• Data Warehouse Service

dws
  1. Help Center
  2. Data Warehouse Service
  3. Developer Guide
  4. Full Text Search
  5. Table and index
  6. Creating an Index

Creating an Index

You can create a GIN index to speed up text searches:

CREATE INDEX pgweb_idx_1 ON tsearch.pgweb USING gin(to_tsvector('english', body));

The to_tsvector function comes in to two versions: the 1-argument version and the 2-argument version. When the 1-argument version is used, the system uses the configuration specified by default_text_search_config by default.

Notice that the 2-argument version of to_tsvector is used for index creation. Only text search functions that specify a configuration name can be used in expression indexes. This is because the index contents must be unaffected by default_text_search_config, whose value can be changed at any time. If they were affected, the index contents might be inconsistent, because different entries could contain tsvectors that were created with different text search configurations, and there would be no way to guess which was which. It would be impossible to dump and restore such an index correctly.

Because the two-argument version of to_tsvector was used in the index above, only a query reference that uses the 2-argument version of to_tsvector with the same configuration name will use that index. That is, WHERE to_tsvector('english', body) @@ 'a & b' can use the index, but WHERE to_tsvector(body) @@ 'a & b' cannot. This ensures that an index will be used only with the same configuration used to create the index entries.

It is possible to set up more complex expression indexes wherein the configuration name is specified by another column. For example:

CREATE INDEX pgweb_idx_2 ON tsearch.pgweb USING gin(to_tsvector('zhparser', body));

where body is a column in the pgweb table. This allows mixed configurations in the same index while recording which configuration was used for each index entry. This would be useful, for example, if the document collection contained documents in different languages. Again, queries that are meant to use the index must be phrased to match, for example, WHERE to_tsvector(config_name, body) @@ 'a & b' must match to_tsvector in the index.
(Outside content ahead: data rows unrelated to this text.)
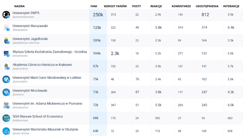 Największą bazę fanów w analizie posiadał Uniwersytet SWPS – 250 tys. obserwujących, jednak wygenerował tylko 3,9 tys. interakcji, co w zestawieniu dało wynik niższy niż w przypadku części uczelni z mniejszą społecznością (22. miejsce w ogólnym rankingu).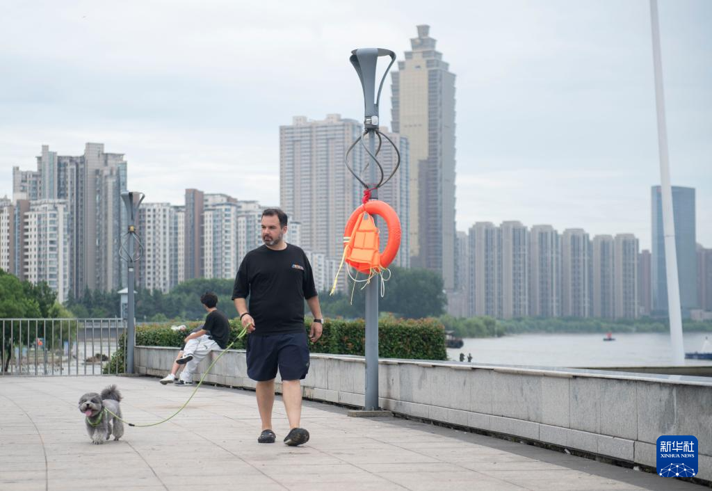 7月20日,在安徽芜湖市,马丁在长江边遛狗。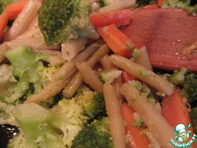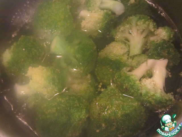 В другой кастрюле - брокколи, разобранную на соцветия, тоже 10 минут. Как брокколи сварится, нужно откинуть её на дуршлаг и облить холодной водой.
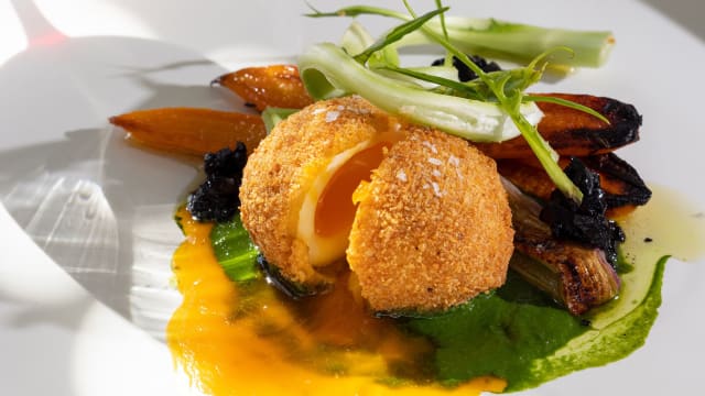 - Brodo tiepido di capocollo affumicato, tuorlo marinato alla soia, salsa all'erborinato di capra e culatello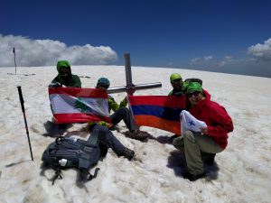 Saavutimme lumipeitteisen huipun parin tunnin kipuamisen jälkeen. Näkymät olivat upeat joka suuntaan! Tarjosimme libanonilaisille matkakumppaneillemme Sisu-pastilleja huiputuksen kunniaksi.
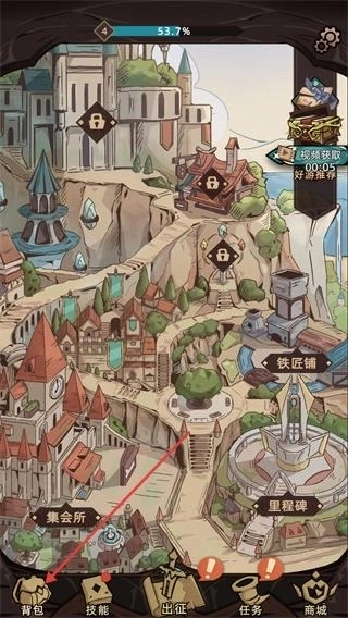 在游戏主界面,点击底部的背包按钮就能进入物品管理界面,该界面中还设有铁匠铺、里森堡等功能建筑,之后可以借助这些建筑开展装备打造相关操作。

Indexes can even concatenate columns:

CREATE INDEX pgweb_idx_3 ON tsearch.pgweb USING gin(to_tsvector('english', title || ' ' || body));

Another approach is to create a separate tsvector column to hold the output of to_tsvector. This example is a concatenation of title and body, using coalesce to ensure that one column will still be indexed when the other is NULL:

ALTER TABLE tsearch.pgweb ADD COLUMN textsearchable_index_col tsvector;
UPDATE tsearch.pgweb SET textsearchable_index_col = to_tsvector('english', coalesce(title,'') || ' ' || coalesce(body,''));

Then, create a GIN index to speed up the search:

CREATE INDEX textsearch_idx_4 ON tsearch.pgweb USING gin(textsearchable_index_col);

Now you are ready to perform a fast full text search:

SELECT title 
FROM tsearch.pgweb 
WHERE textsearchable_index_col @@ to_tsquery('north & america') 
ORDER BY last_mod_date DESC 
LIMIT 10; 

 title  
--------
 Canada
 Mexico
(2 rows)

One advantage of the separate-column approach over an expression index is that it is unnecessary to explicitly specify the text search configuration in queries in order to use the index. As shown in the preceding example, the query can depend on default_text_search_config. Another advantage is that searches will be faster, since it will not be necessary to redo the to_tsvector calls to verify index matches. The expression-index approach is simpler to set up, however, and it requires less disk space since the tsvector representation is not stored explicitly.